WHAT IS BEING ASKED – Give the data below again exactly as it stands. Omit the pictures.

----

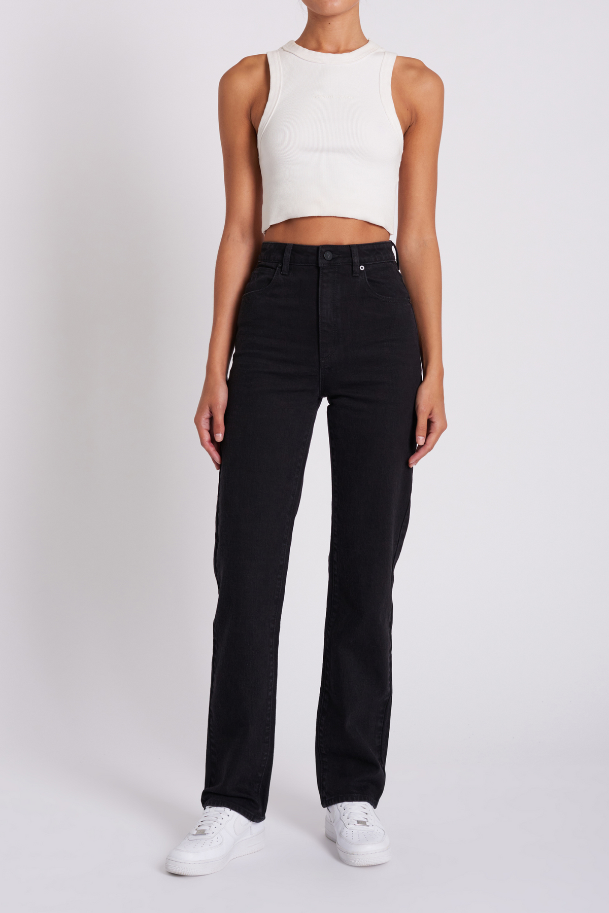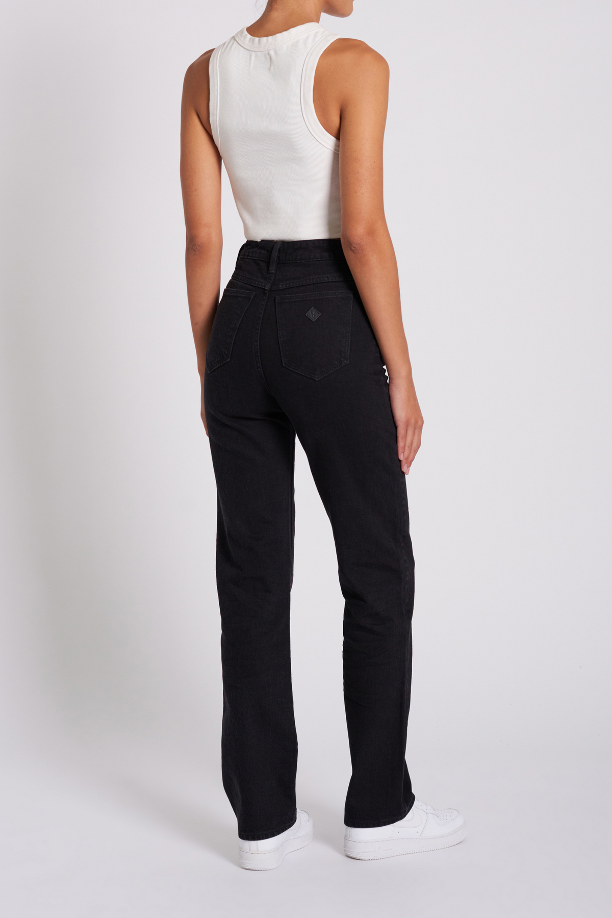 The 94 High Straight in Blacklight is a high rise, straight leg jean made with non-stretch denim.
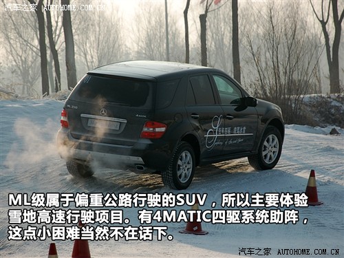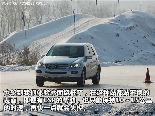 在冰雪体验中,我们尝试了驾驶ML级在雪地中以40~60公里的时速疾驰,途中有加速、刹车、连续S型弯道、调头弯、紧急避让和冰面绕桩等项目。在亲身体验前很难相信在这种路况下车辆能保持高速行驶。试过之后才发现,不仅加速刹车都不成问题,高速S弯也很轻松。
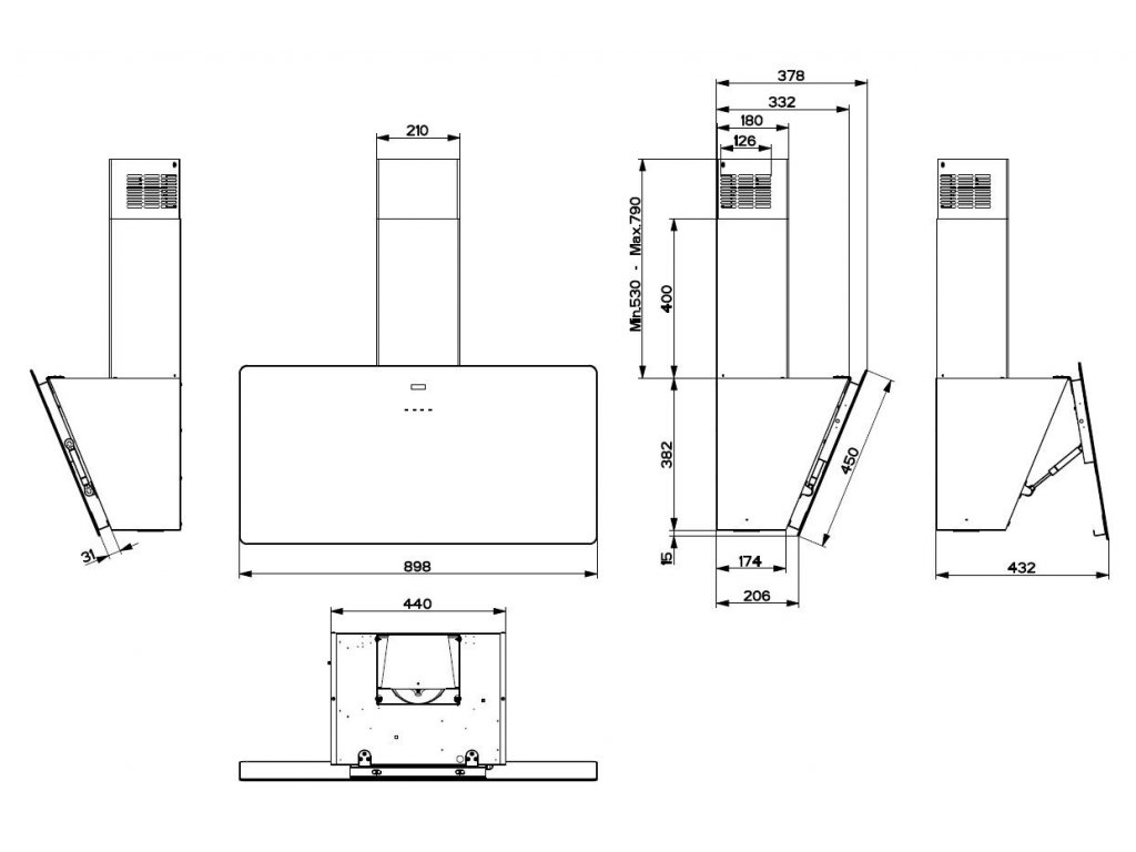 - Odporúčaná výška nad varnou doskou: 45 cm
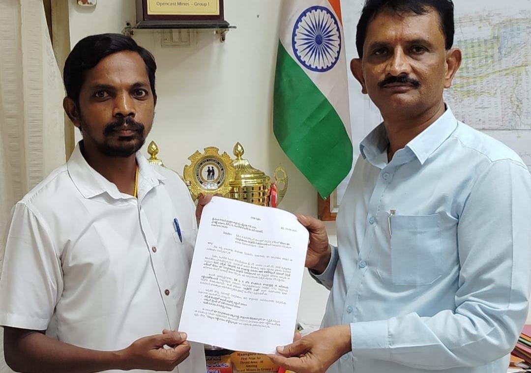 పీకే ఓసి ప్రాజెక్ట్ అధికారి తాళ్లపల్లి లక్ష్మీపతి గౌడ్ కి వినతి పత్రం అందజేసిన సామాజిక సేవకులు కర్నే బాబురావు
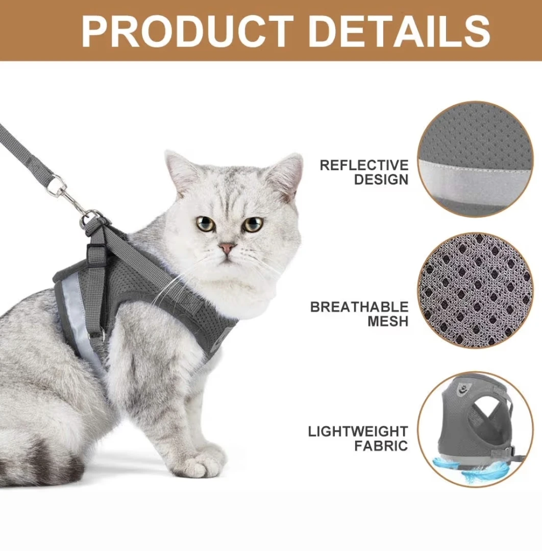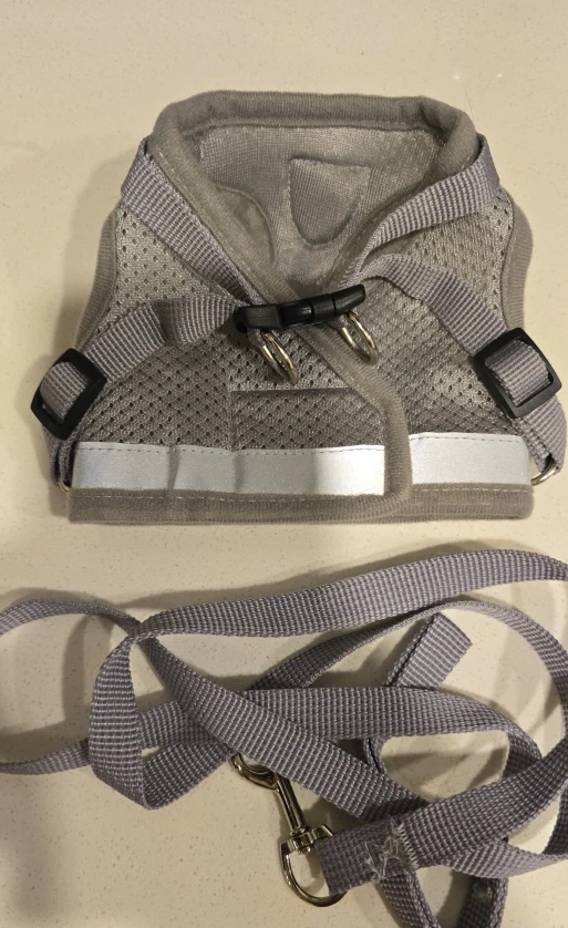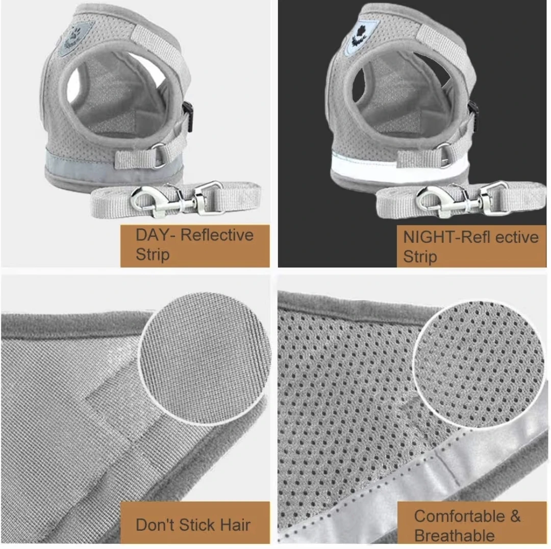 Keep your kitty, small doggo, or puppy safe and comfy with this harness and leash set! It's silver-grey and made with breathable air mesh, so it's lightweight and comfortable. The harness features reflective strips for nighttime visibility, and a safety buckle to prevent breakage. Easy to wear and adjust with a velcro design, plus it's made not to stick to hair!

----

EXERCISE RESULT –
 The 94 High Straight in Blacklight is a high rise, straight leg jean made with non-stretch denim.
 在冰雪体验中,我们尝试了驾驶ML级在雪地中以40~60公里的时速疾驰,途中有加速、刹车、连续S型弯道、调头弯、紧急避让和冰面绕桩等项目。在亲身体验前很难相信在这种路况下车辆能保持高速行驶。试过之后才发现,不仅加速刹车都不成问题,高速S弯也很轻松。
 - Odporúčaná výška nad varnou doskou: 45 cm
 పీకే ఓసి ప్రాజెక్ట్ అధికారి తాళ్లపల్లి లక్ష్మీపతి గౌడ్ కి వినతి పత్రం అందజేసిన సామాజిక సేవకులు కర్నే బాబురావు
 Keep your kitty, small doggo, or puppy safe and comfy with this harness and leash set! It's silver-grey and made with breathable air mesh, so it's lightweight and comfortable. The harness features reflective strips for nighttime visibility, and a safety buckle to prevent breakage. Easy to wear and adjust with a velcro design, plus it's made not to stick to hair!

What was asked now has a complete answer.